Kiel. Die Massenbelästigung im Sophienhof in Kiel hält die Polizei weiter auf Trab. Beamte sichten derzeit das Videomaterial und suchen Zeugen. „Eine spezialisierte Einheit der Kriminalpolizei unterstützt die Ermittler der Polizei bei den Auswertungen“, sagte Polizeisprecher Oliver Pohl am Sonnabend. Vor Montag könne nicht mit Ergebnissen gerechnet werden. Die Ermittlungen gegen weitere mutmaßliche Täter hätten zudem Vorrang.

Über 20 Männer mit Migrationshintergrund sollen am Donnerstagabend im Einkaufszentrum Sophienhof die Mädchen im Alter von 15, 16 und 17 Jahren massiv belästigt und verfolgt haben. Als mutmaßliche Haupttäter gelten nach Angaben der Polizei zwei Asylbewerber aus Afghanistan. Die Hauptverdächtigen im Alter von 19 und 26 Jahren sollen zuerst die Mädchen beobachtet, verfolgt und mit Mobiltelefonen gefilmt und fotografiert haben. Nach und nach sei die Zahl der Männer, die die Mädchen belästigt haben sollen, auf 20 bis 30 gestiegen.

Die beiden Afghanen und zwei weitere Verdächtige wurden vorläufig festgenommen, sind mittlerweile aber wieder auf freiem Fuß. Bei ihrer Festnahme leisteten die Beschuldigten laut Polizei heftigen Widerstand. Dabei seien auch Beamte verletzt worden.

Weitere Frauen fühlten sich belästigt

Nach der Berichterstattung am Freitag haben sich mittlerweile weitere Frauen bei der Polizei gemeldet und von ähnlichen Erfahrungen im Sophienhof“ berichtet. Nach der umfangreichen Berichterstattung sei dies aber auch zu erwarten gewesen. Dass sich viele nicht sofort an die Polizei wenden, sei „ganz typisch für diese Art von von Scham geprägten Delikten“, sagte er. Der Centermanagerin vom Sophienhof, Sophie Dukat, sind weitere Belästigungsfälle in der Größenordnung nicht bekannt. Im Interview mit den Kieler Nachrichten sagte sie: "Das ist der erste Vorfall dieser Art. Und unser Sicherheitsteam hat vorbildlich gearbeitet."

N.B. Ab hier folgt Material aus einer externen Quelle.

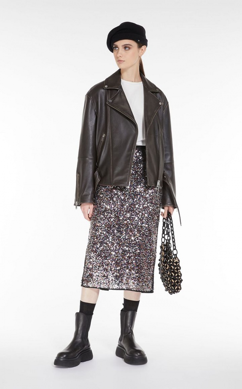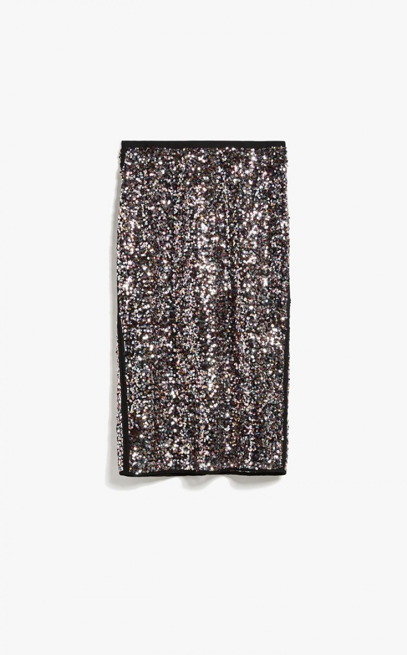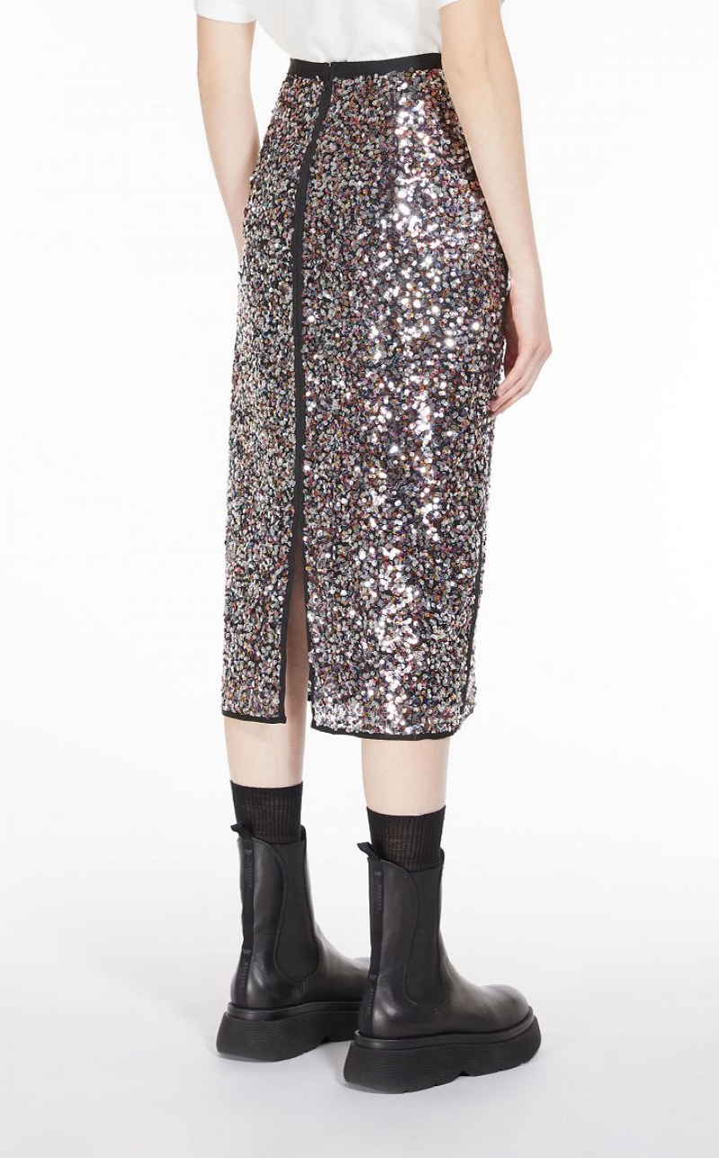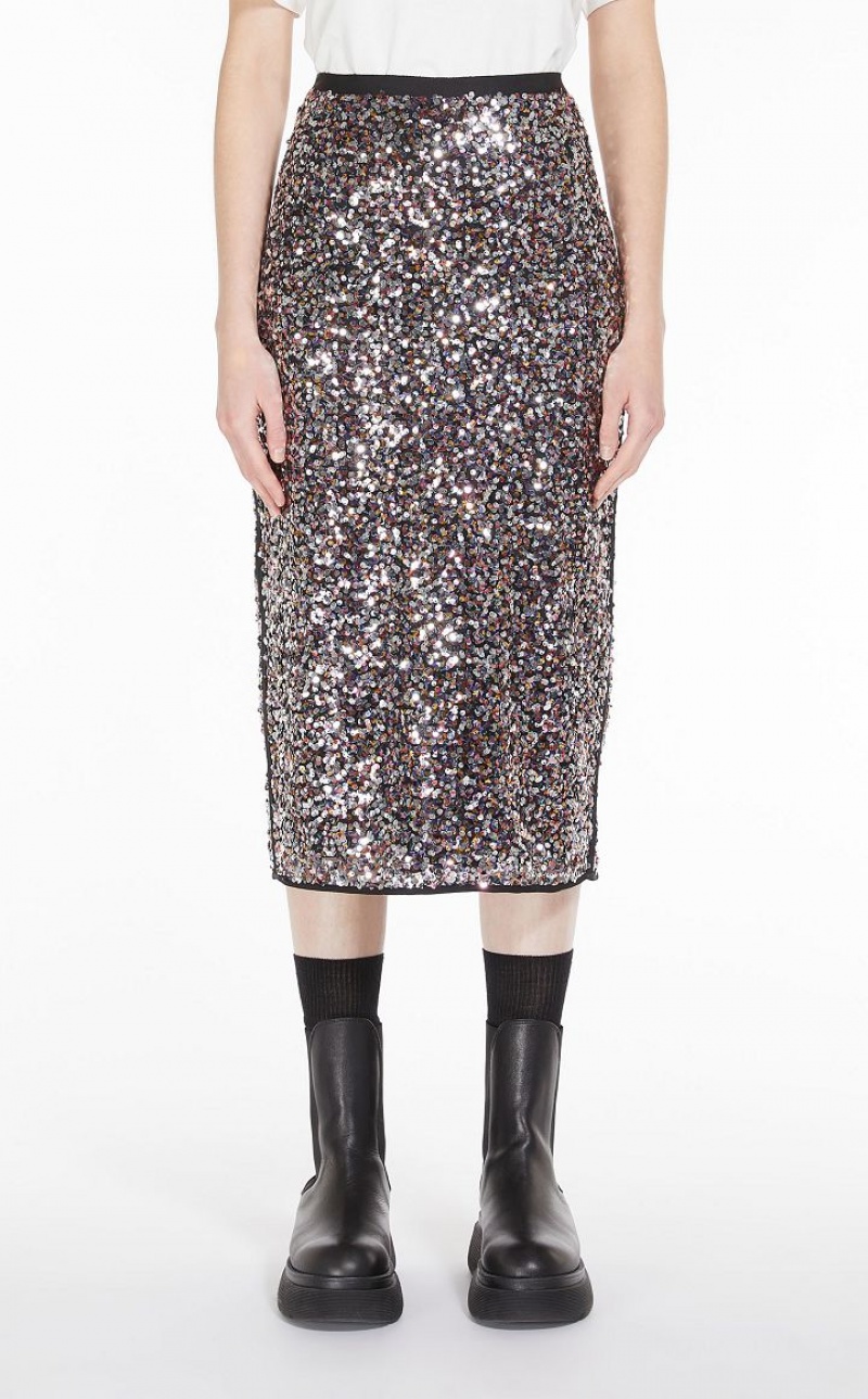 Midi-length pencil skirt in soft tulle jersey. This style is embellished with micro-sequins embroidered all over which add sparkle and movement with the movement of the body. Lined. Length: 77 cm.

Die Polizei zeigt mehr Präsenz im Sophienhof Kiel.

Quelle: Thomas Eisenkrätzer

Die Geschäftsleute im Sophienhof in Kiel klagen indes über eine deutliche Zunahme an Diebstählen und Belästigungen. Vor allem vor Geschäftsschluss spitze sich die Lage zu. Die Polizei kündigte für die nächsten Tage eine verstärkte Präsenz an dem Einkaufszentrum an. Wer sich bedroht fühle, solle sofort den Polizeiruf 110 wählen.

Politik reagierte betroffen auf Vorfälle im Sophienhof

Innenminister Stefan Studt zeigte sich betroffen. Es sei nicht hinnehmbar, an einem öffentlichen Ort so belästigt zu werden, sagte der SPD-Politiker. Sein ganzes Mitgefühl gelte den Mädchen. Der Vorfall müsse mit aller Kraft des Rechtsstaates aufgeklärt werden. Die Polizei habe gut und richtig reagiert.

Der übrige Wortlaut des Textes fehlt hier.